-------- THE RECORDS --------

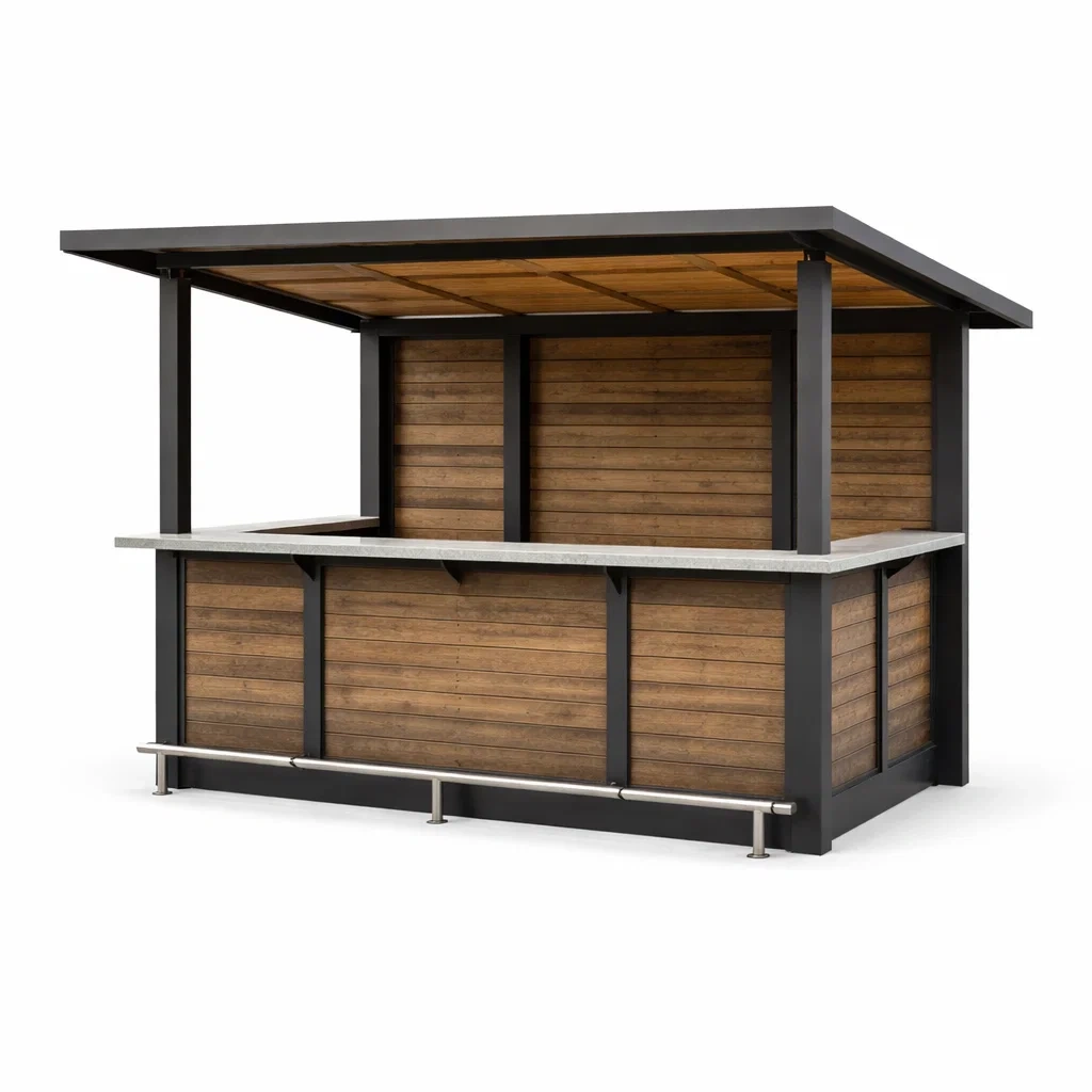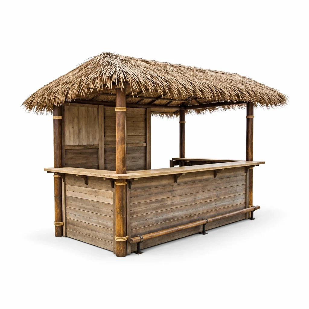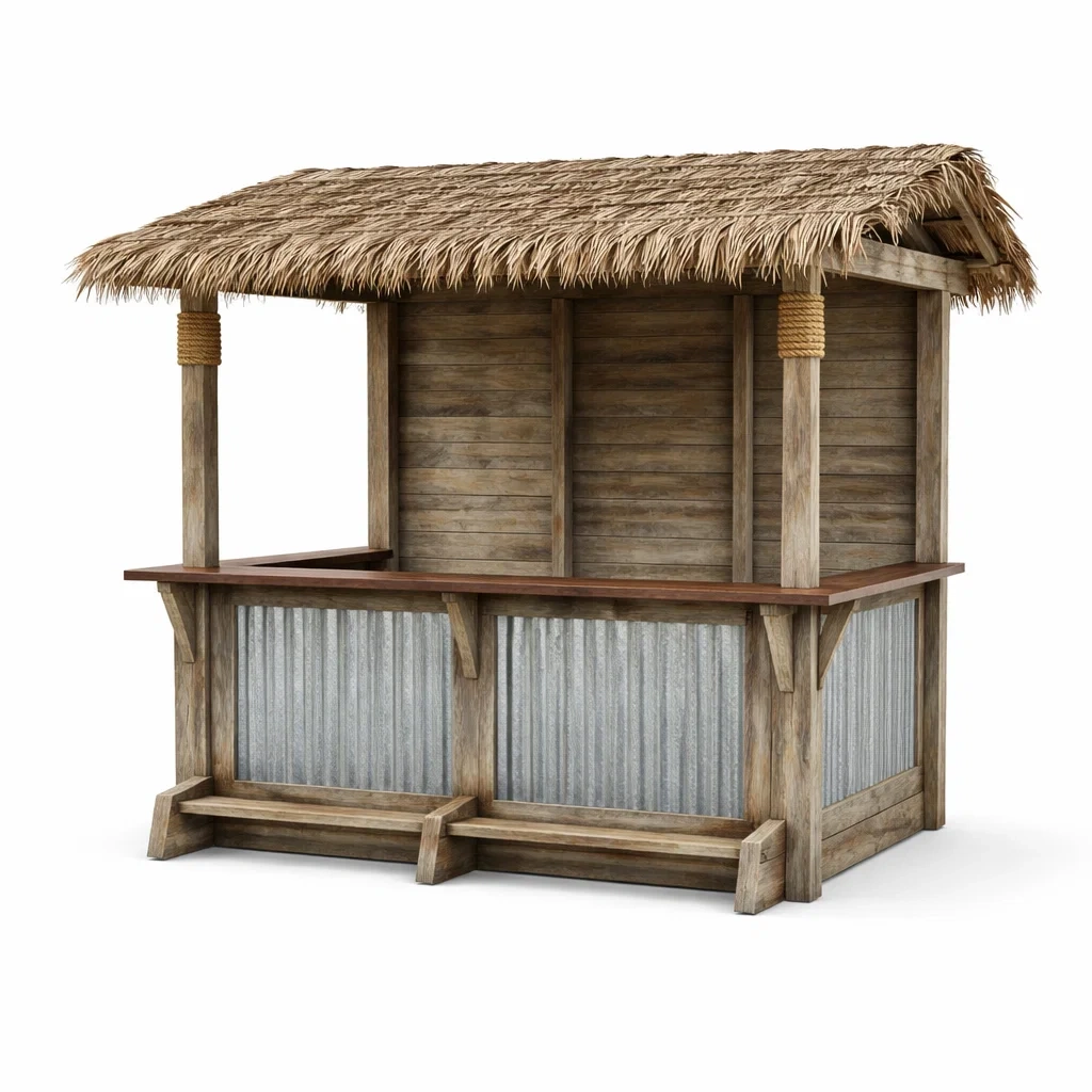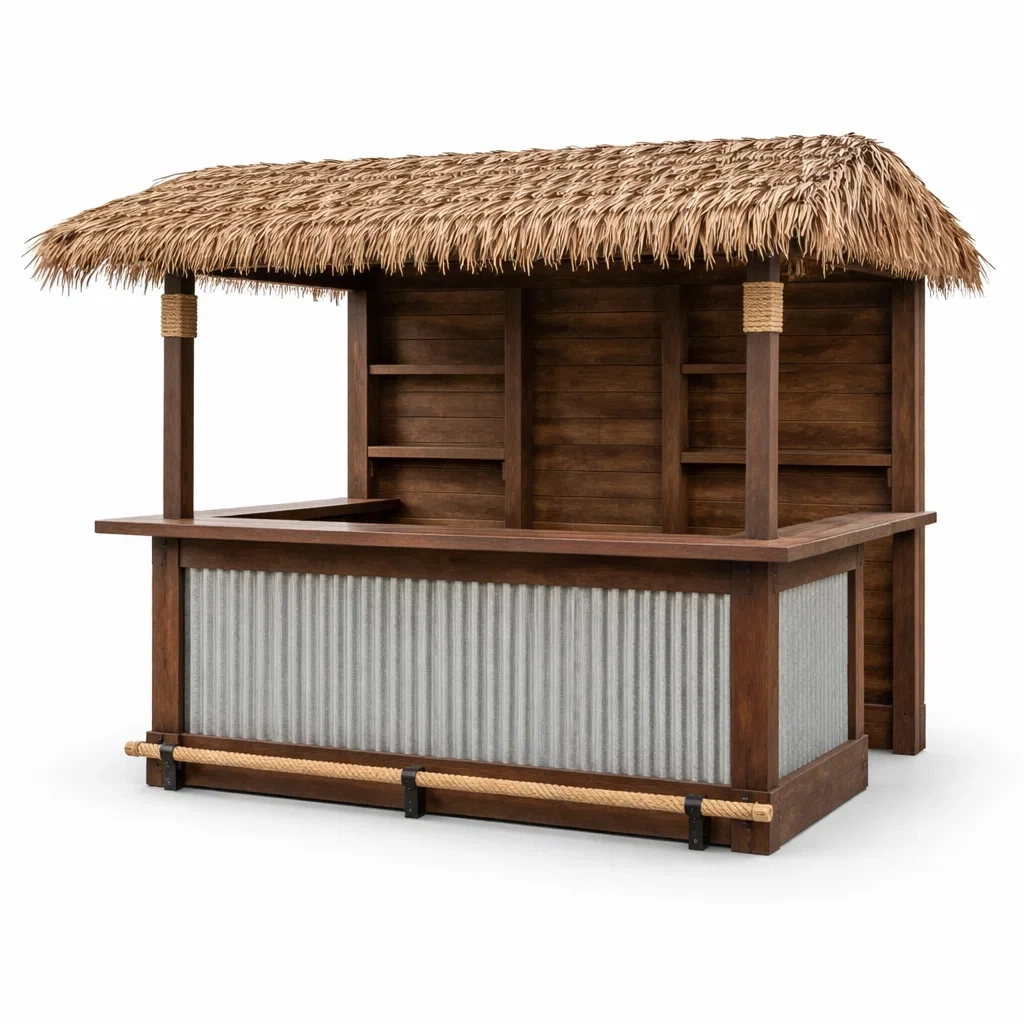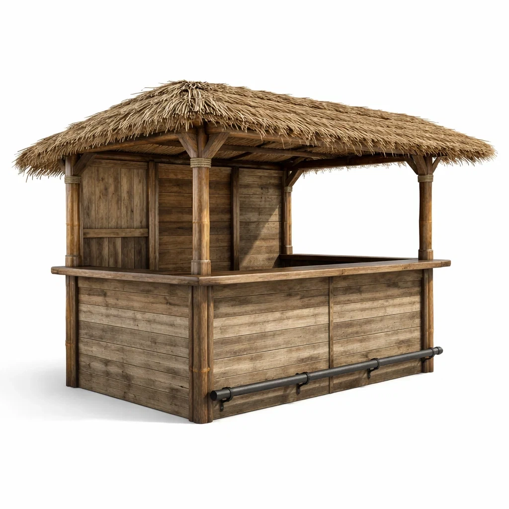 Padiglione bar in legno con tetto in paglia e pannelli in metallo
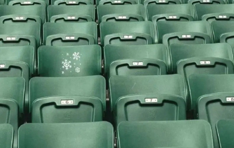4月3日,北京工体绿色的看台上,一张座椅被喷涂了几朵洁白的雪花。
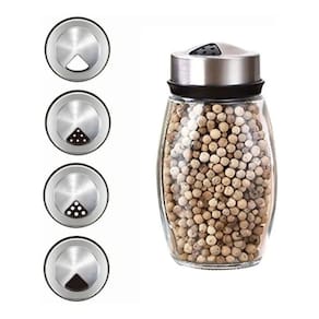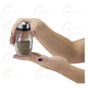 Conjunto organizador de condimentos composto por suporte central giratório e seis recipientes. O produto é fabricado em aço inox, vidro e polipropileno (PP). Cada frasco possui capacidade volumétrica de 120ml e tampa com sistema de tripla furação para controle de saída do conteúdo (sal, grãos ou especiarias). A base rotativa permite o movimento circular dos frascos ao redor do eixo central. Medidas: 18,7cm de altura por 15,7cm de diâmetro. Peso aproximado de 1,1kg.
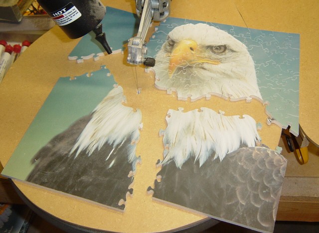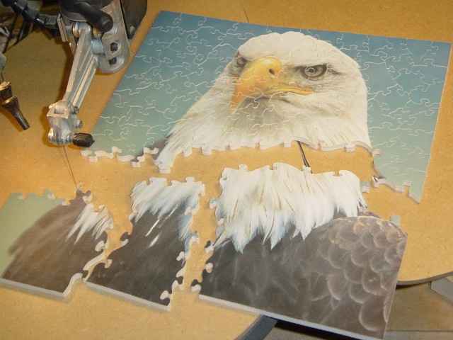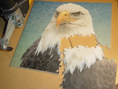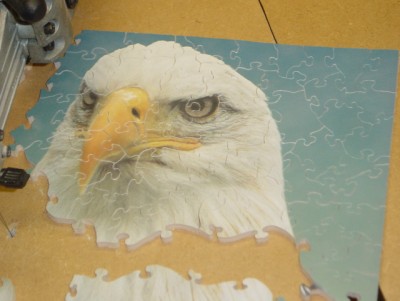 Puzzle complete. 127 pieces. These are easy to handle pieces with an average size of approximately 1.1 sq in. per piece. Other recent eagle puzzles from the same stock were cut with smaller pieces for a more challenging solution.
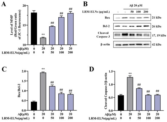 The pathology of AD shows a strong relationship between Aβ accumulation and the degree of dementia symptoms [19,20]. Mitochondria are essential for cellular respiration, metabolic process maintenance, and ion transport, significantly influencing the cell’s life cycle [50]. Research has shown that Aβ induces mitochondrial damage in neuronal cells, characterized by a decrease in mitochondrial membrane potential (MMP) [51]. This subsequently induces the expression of pro-apoptotic proteins like Bax, inhibits anti-apoptotic proteins like Bcl-2, and activates Cleaved Caspase-3, leading to apoptosis [46]. Our results showed that Aβ stimulation decreased MMP while increasing the Bax/Bcl-2 protein ratio and Cleaved Caspase-3 expression in HT22 cells. However, LRM-ELNs upregulated MMP, decreased the Bax/Bcl-2 ratio, and downregulated Cleaved Caspase-3 expression (Figure 5). Additionally, LRM-ELNs protected HT22 cells from Aβ-induced cytotoxicity (Figure 4C) and inhibited Aβ-induced apoptosis (Figure 4D). These findings suggest that LRM-ELNs protect HT22 cells from Aβ-induced apoptosis through the mitochondrial apoptotic pathway.
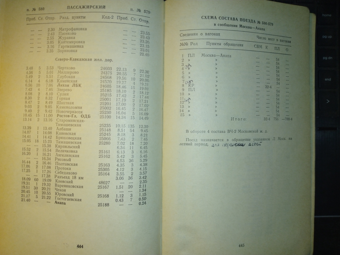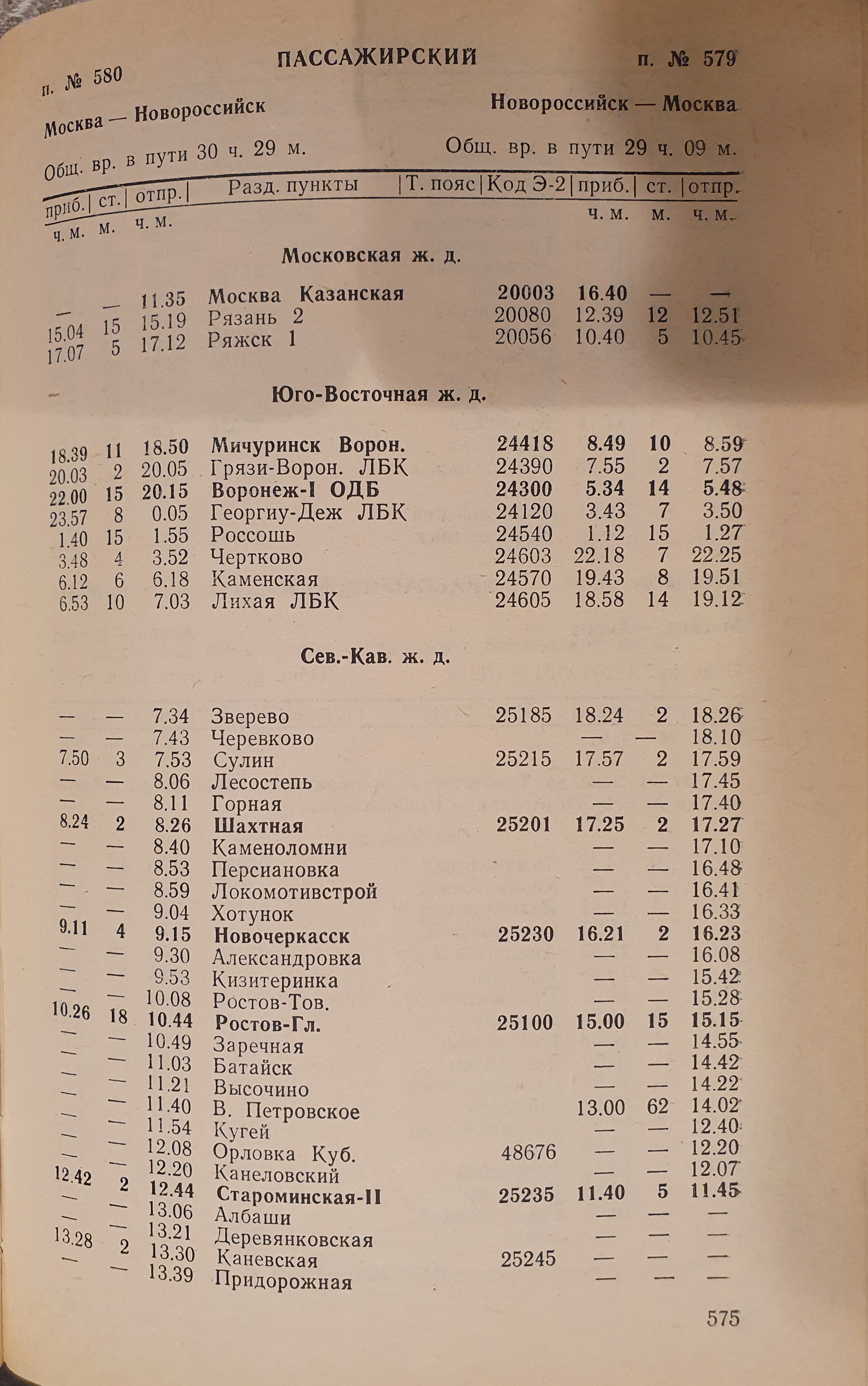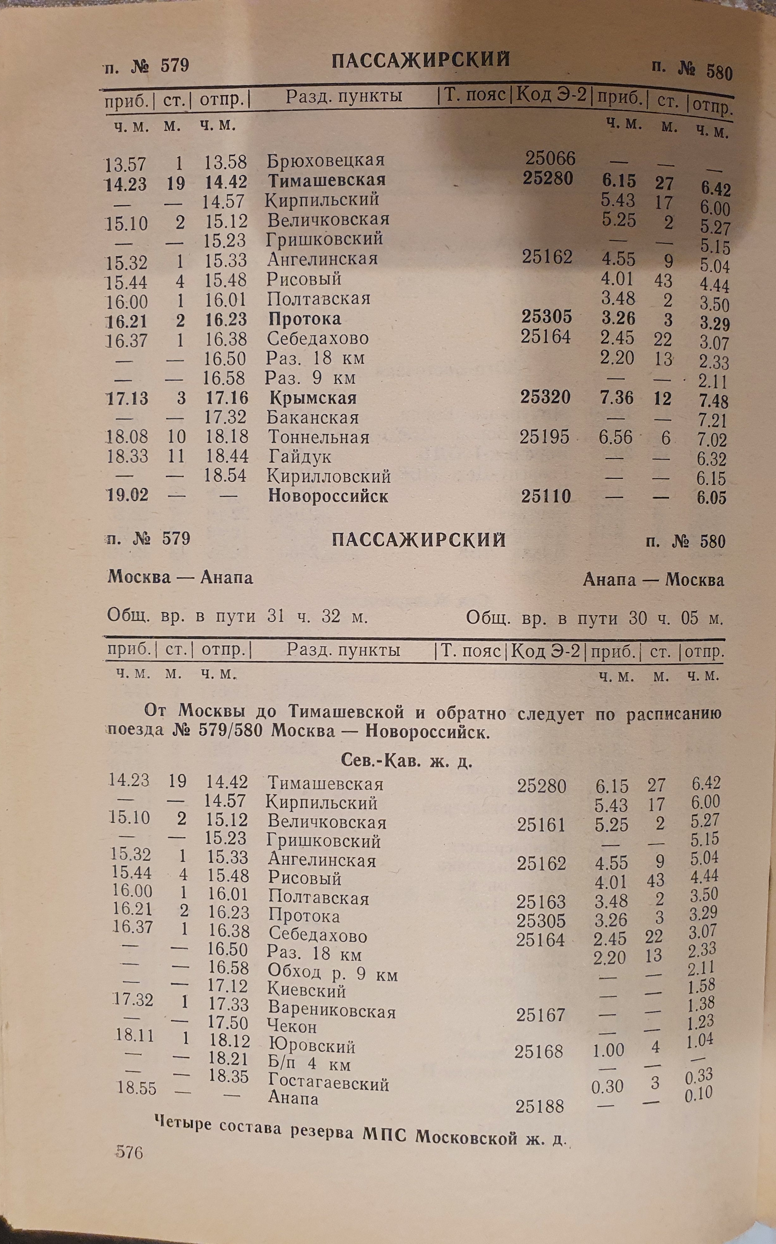 Может у кого есть расписание за 1985 год поезда Москва-Анапа 579/580?

--------

• **EXERCISE BRIEF**:
Go to the line above that has "Puzzle complete. 127" and copy exactly from there down to the line that has "The pathology of", both included. Leave the pictures out.

• **RESPONSE TO THE EXERCISE**:
 Puzzle complete. 127 pieces. These are easy to handle pieces with an average size of approximately 1.1 sq in. per piece. Other recent eagle puzzles from the same stock were cut with smaller pieces for a more challenging solution.
 The pathology of AD shows a strong relationship between Aβ accumulation and the degree of dementia symptoms [19,20]. Mitochondria are essential for cellular respiration, metabolic process maintenance, and ion transport, significantly influencing the cell’s life cycle [50]. Research has shown that Aβ induces mitochondrial damage in neuronal cells, characterized by a decrease in mitochondrial membrane potential (MMP) [51]. This subsequently induces the expression of pro-apoptotic proteins like Bax, inhibits anti-apoptotic proteins like Bcl-2, and activates Cleaved Caspase-3, leading to apoptosis [46]. Our results showed that Aβ stimulation decreased MMP while increasing the Bax/Bcl-2 protein ratio and Cleaved Caspase-3 expression in HT22 cells. However, LRM-ELNs upregulated MMP, decreased the Bax/Bcl-2 ratio, and downregulated Cleaved Caspase-3 expression (Figure 5). Additionally, LRM-ELNs protected HT22 cells from Aβ-induced cytotoxicity (Figure 4C) and inhibited Aβ-induced apoptosis (Figure 4D). These findings suggest that LRM-ELNs protect HT22 cells from Aβ-induced apoptosis through the mitochondrial apoptotic pathway.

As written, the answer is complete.